+++ Data

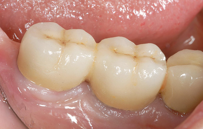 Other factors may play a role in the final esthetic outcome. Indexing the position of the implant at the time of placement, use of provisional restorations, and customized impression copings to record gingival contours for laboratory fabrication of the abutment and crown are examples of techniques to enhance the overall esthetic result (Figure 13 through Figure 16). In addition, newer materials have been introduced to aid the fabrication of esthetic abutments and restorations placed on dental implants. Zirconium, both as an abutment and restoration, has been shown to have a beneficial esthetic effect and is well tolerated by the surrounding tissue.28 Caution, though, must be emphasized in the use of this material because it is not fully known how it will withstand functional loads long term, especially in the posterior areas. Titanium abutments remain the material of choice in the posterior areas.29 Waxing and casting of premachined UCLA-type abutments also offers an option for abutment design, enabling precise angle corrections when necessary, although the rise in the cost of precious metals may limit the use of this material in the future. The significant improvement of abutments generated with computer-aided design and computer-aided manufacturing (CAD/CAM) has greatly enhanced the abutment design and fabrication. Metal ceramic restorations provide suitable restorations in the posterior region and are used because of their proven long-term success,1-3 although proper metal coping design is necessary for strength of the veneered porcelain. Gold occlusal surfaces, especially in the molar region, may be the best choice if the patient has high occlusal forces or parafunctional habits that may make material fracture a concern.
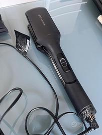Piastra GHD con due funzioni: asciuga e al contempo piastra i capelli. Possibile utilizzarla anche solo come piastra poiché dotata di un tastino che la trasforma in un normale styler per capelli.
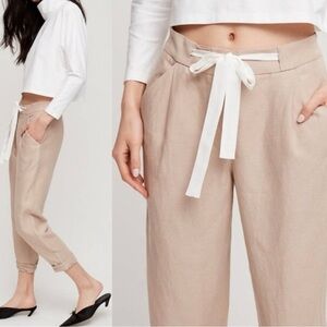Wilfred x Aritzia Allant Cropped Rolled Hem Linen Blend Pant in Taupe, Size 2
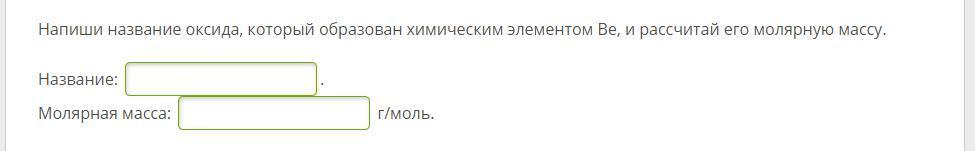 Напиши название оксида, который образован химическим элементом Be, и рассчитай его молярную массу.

++++++

◆ **Assignment**:
Take the lines from the one containing "Wilfred x Aritzia" through the final line of the listing above and print them exactly, including both ends but no pictures.

◆ **Answer to this problem**:
Wilfred x Aritzia Allant Cropped Rolled Hem Linen Blend Pant in Taupe, Size 2
 Напиши название оксида, который образован химическим элементом Be, и рассчитай его молярную массу.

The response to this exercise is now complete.